La Lambda

By | 2013-07-21

Let’s say we’ve loaded a database table into memory and now we want to do some work with it. I’m imagining a case where we’ve selected a small subset of records from an enormous table (i.e. it wasn’t cheap to fetch) and we want to pull records that meet particular conditions from our subset. Let’s say it’s customer transaction records, tens from millions, now we want to display them in various ways in a UI. We’d rather not increase load on the database for these UI manipulations, so we’re doing them locally in our client. (I appreciate that I’m contriving a situation to hang the following examples around)

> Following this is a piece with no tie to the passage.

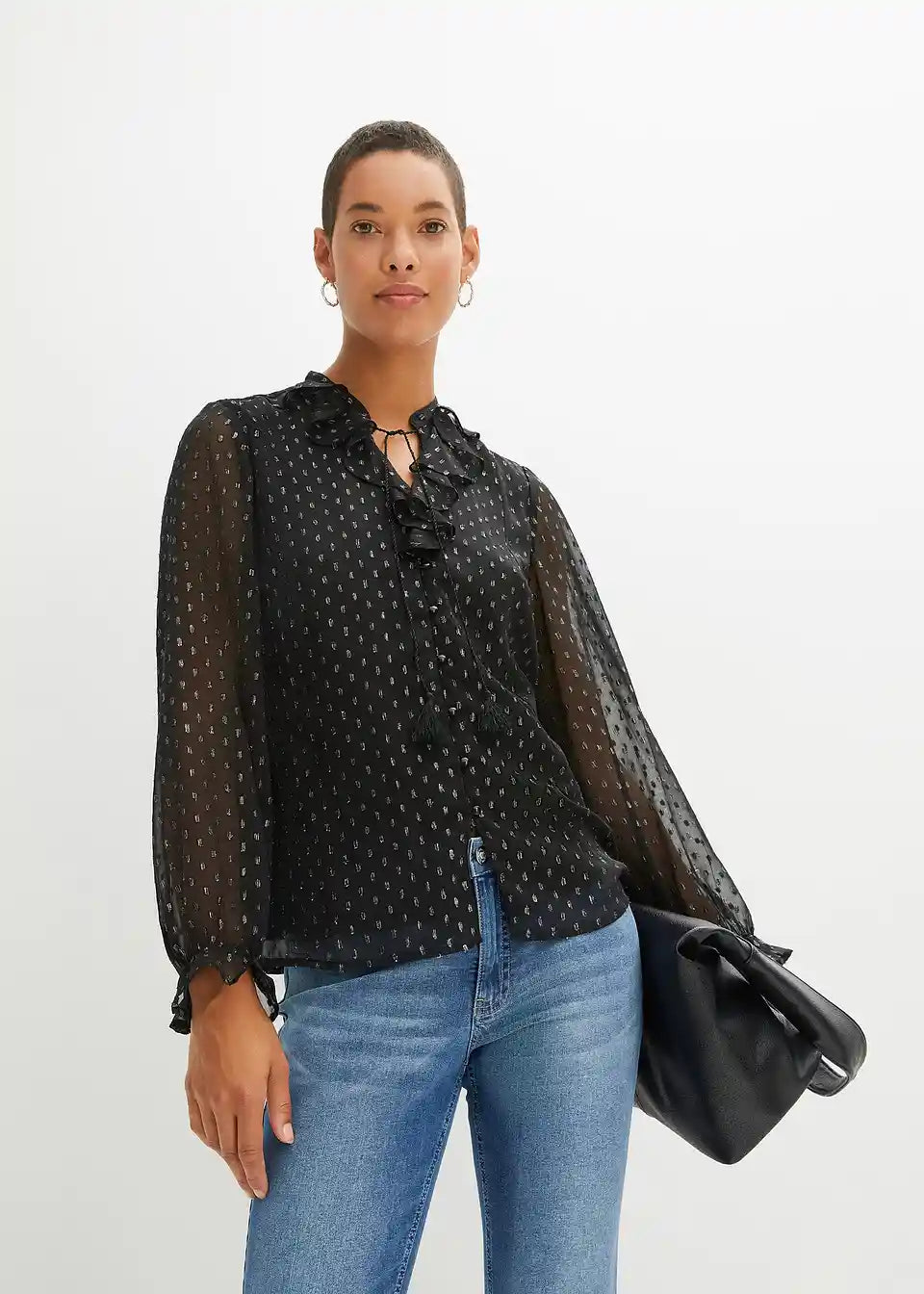 Feminine Bluse mit Volants und Glitzereffekt

The subset of records we’re working with will be represented by a list<TTransactionRecord> object, CustomerTransactions. Let’s say that we want this filtered into two lists – all the debits and all the credits. Here’s a first pass:

// Example #1
void filterTransactions() {
    list<TTransactionRecord> CustomerTransactions;
    // Expensive database read -- do this once
    CustomerTransactions = dbFetchCustomerTransactions(CUSTOMER_ID);

    list<TTransactionRecord> TransactionDebits;
    list<TTransactionRecord> TransactionCredits;

    // Filter for our needs locally
    for( const auto &transaction : CustomerTransactions ) {
        // Predicate #1
        if( transaction.isDebit() ) {
            TransactionDebits.push_back(transaction);
        }
    }
    for( const auto &transaction : CustomerTransactions ) {
        // Predicate #2
        if( transaction.isCredit() ) {
            TransactionCredits.push_back(transaction);
        }
    }
}

Fairly typical. I’ve purposely split the search into two loops, one for each predicate (a predicate just being a fancy word for any object/function that can be tested for boolean response on a given input).

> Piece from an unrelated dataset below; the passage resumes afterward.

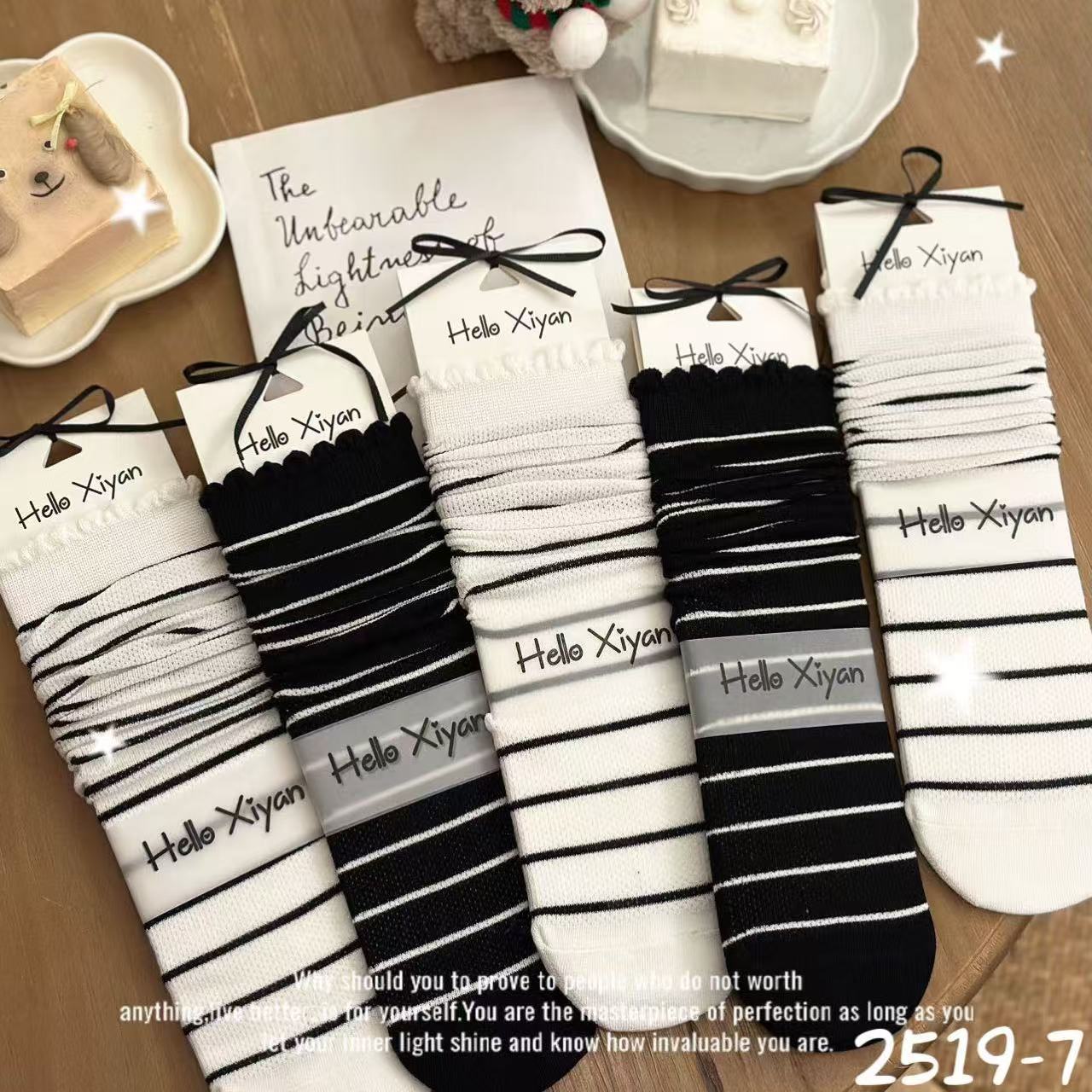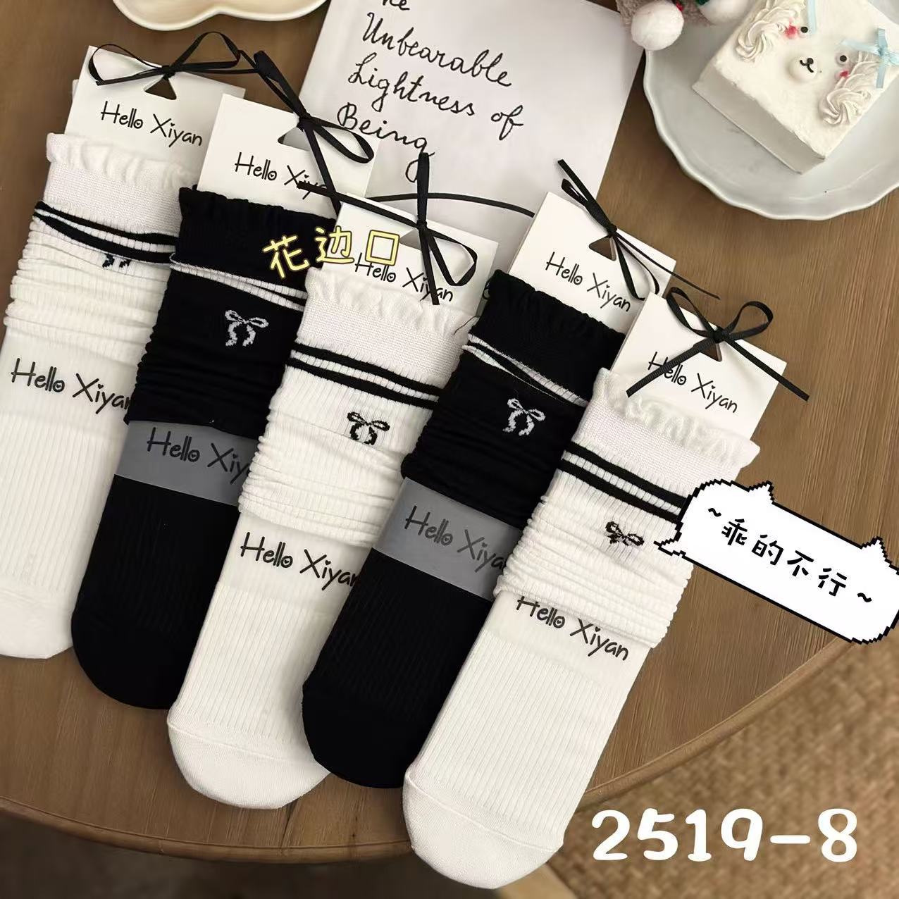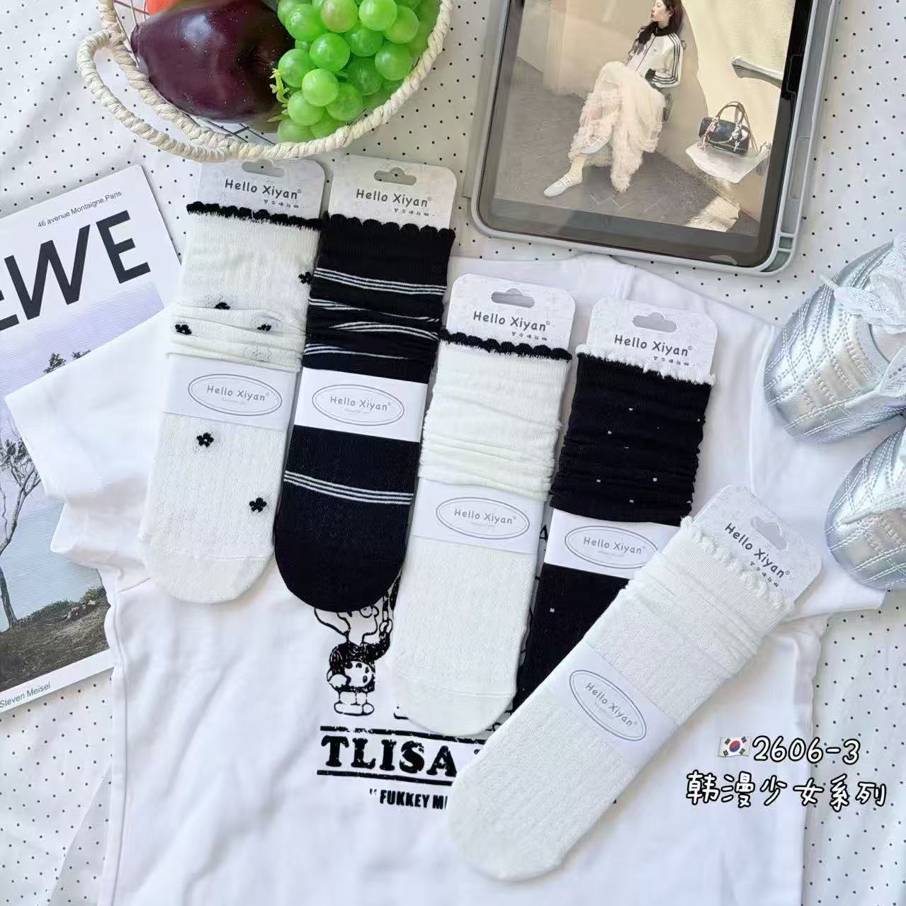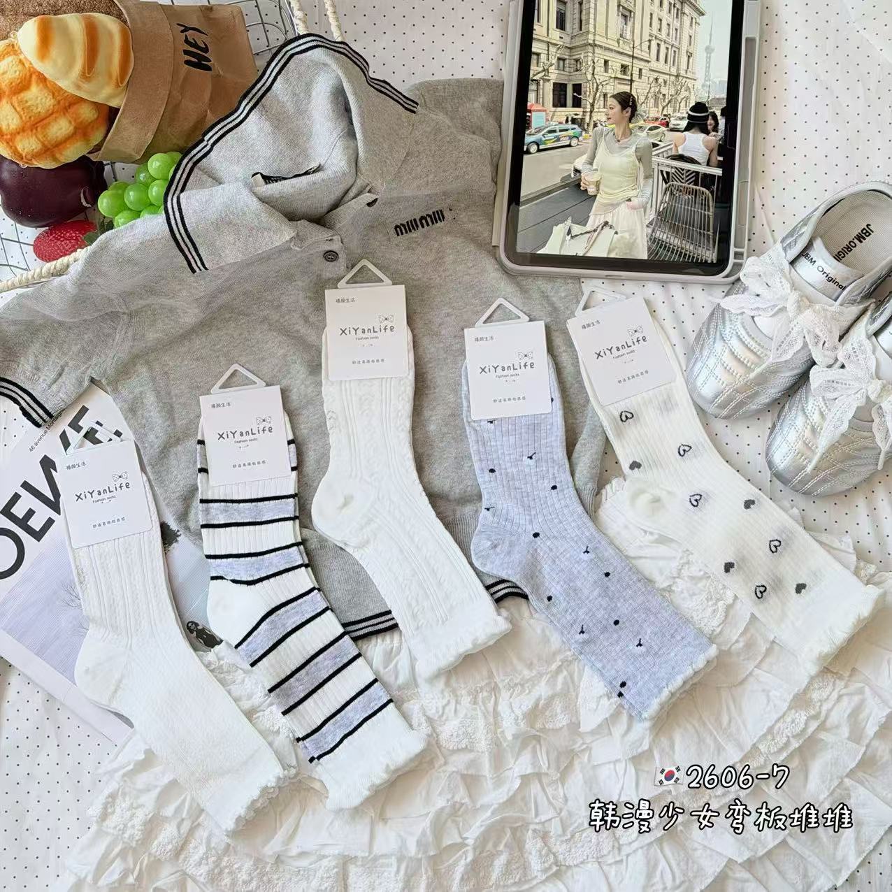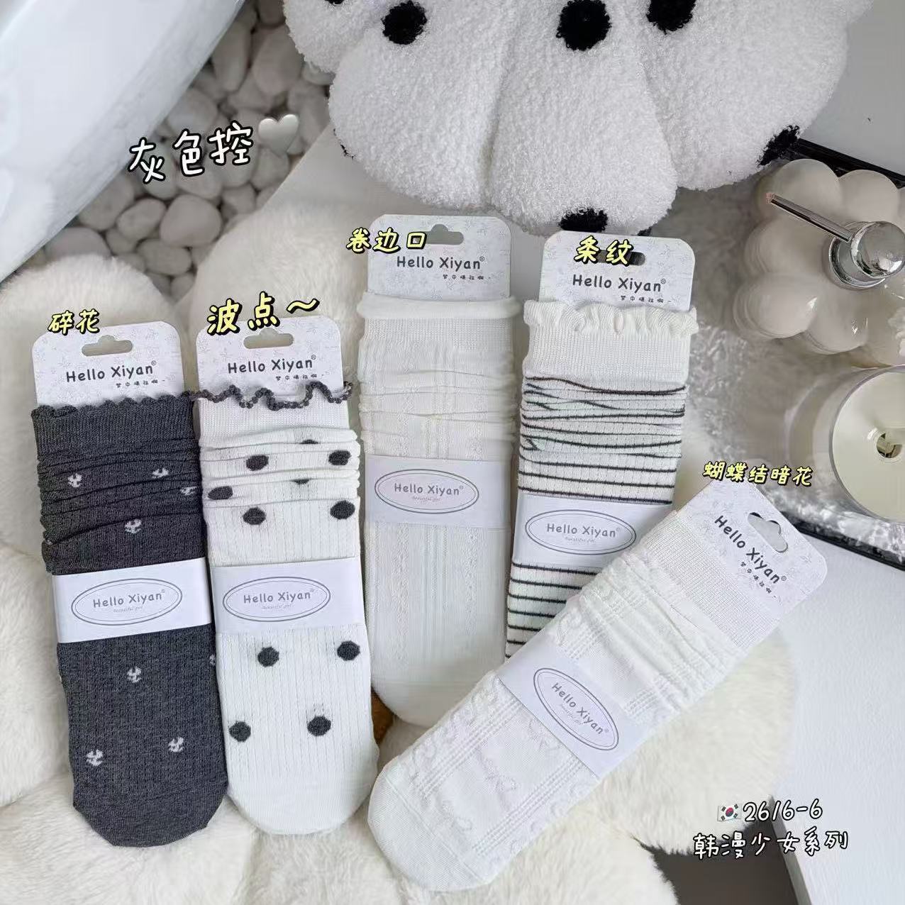 인스 트렌디한 중간 길이 양말, 봄 여름 한국 스타일 여성용 파일 양말, 코마면 흑백 인터넷 연예인 파일 양말

Whenever you find yourself looping through a container, your first thought should be to reach for one of the C++ algorithms to replace your loop. We’ll be looking at one in particular here, copy_if(). It’s used like this:

    #include <algorithm>
    // ...
    copy_if( input.cbegin(), input.cend(), output.begin(), PREDICATE );

The proviso is that the output iterator must be able to cope with allocating new memory when it is assigned to and incremented. vector<> in particular does not support that and will SEGFAULT if you use it as above. The STL has got you covered though. We replace the simple output iterator with a smart iterator:

    #include <algorithm>
    #include <iterator>
    // ...
    copy_if( input.cbegin(), input.cend(), back_inserter(output), PREDICATE );

Magic; back_inserter() creates an iterator that converts assignments to, effectively, push_back(), which vector<> will handle regardless of the memory it already has allocated.

PREDICATE is the special part here. Before the output is assigned to, the element in question is passed to the function referenced by PREDICATE, which gives a boolean response. Essentially it provides the “if” part of our loop.

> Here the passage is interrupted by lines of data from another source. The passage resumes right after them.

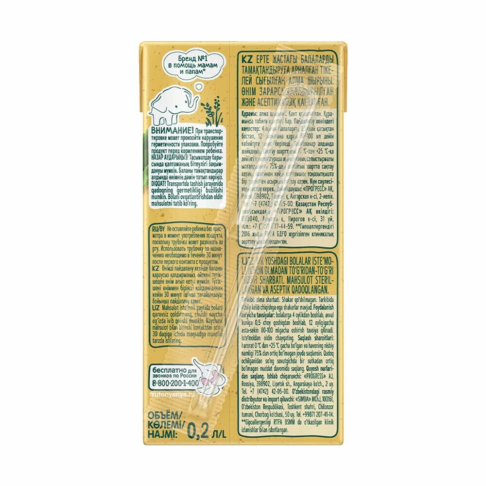 Сок ФрутоНяня яблочный прямого отжима, неосветленный с 4 месяцев 0,2 л 5 шт интересное: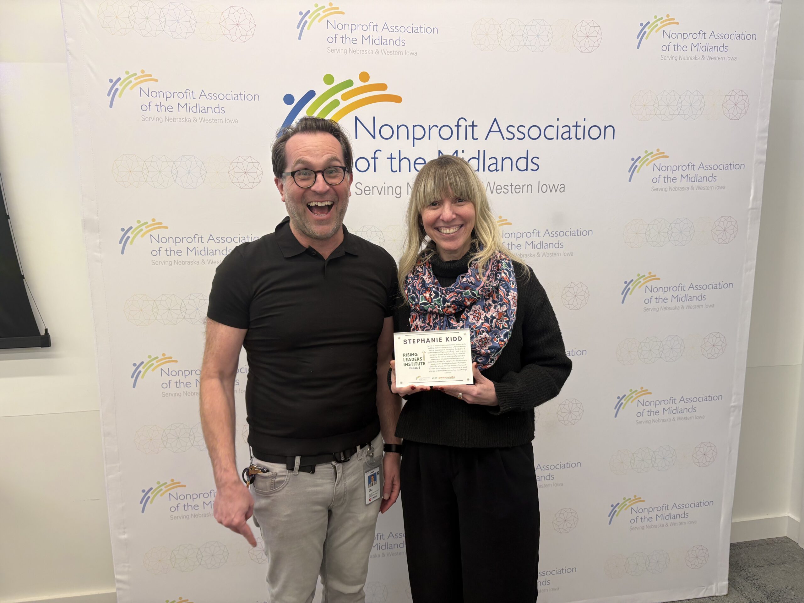 Joe Runge and Stephanie Kidd at her graduation from the Nonprofit Association of the Midlands Rising Leaders Institute, December 2025.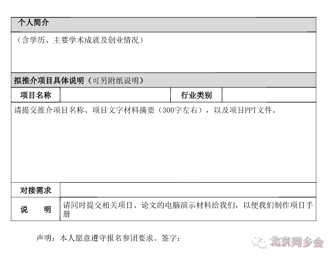 请您于2016年5月 31日前将填写完整的申请表(见附件,可复印使用,并请粘贴电子照片)、项目推介材料包括个人介绍、项目文字介绍、合作意向、项目PPT文件截图、项目视频截图等以传真或电子邮件的形式发送给北京市侨联经济科技部,经我们审核确定后于6月底前向您发出正式邀请函。

Let’s rewrite using copy_if().

// Example #2
bool customerDebitPredicate( const TTransactionRecord &O ) {
    return O.isDebit();
}
bool customerDebitPredicate( const TTransactionRecord &O ) {
    return O.isCredit();
}

void filterTransactions() {
    list<TTransactionRecord> CustomerTransactions;
    CustomerTransactions = dbFetchCustomerTransactions(CUSTOMER_ID);

    list<TTransactionRecord> TransactionDebits;
    list<TTransactionRecord> TransactionCredits;

    copy_if(CustomerTransactions.cbegin(), CustomerTransactions.end(),
        back_inserter(TransactionDebits), customerDebitPredicate);
    copy_if(CustomerTransactions.cbegin(), CustomerTransactions.end(),
        back_inserter(TransactionCredits), customerCreditPredicate);
}

It’s arguable whether this is actually an improvement. It’s certainly not reduced the number of lines of code enough to be considered simpler; and worse it’s separated the predicate definitions from their usage. If we’re reading this code we have now to stop when we reach the copy_if() to go and see what the customerDebitPredicate() actually does; and it’s not immediately obvious at that point that customerDebitPredicate is a function. However, we’re not done yet, this is only a step along the way, so let’s hold our objections for now.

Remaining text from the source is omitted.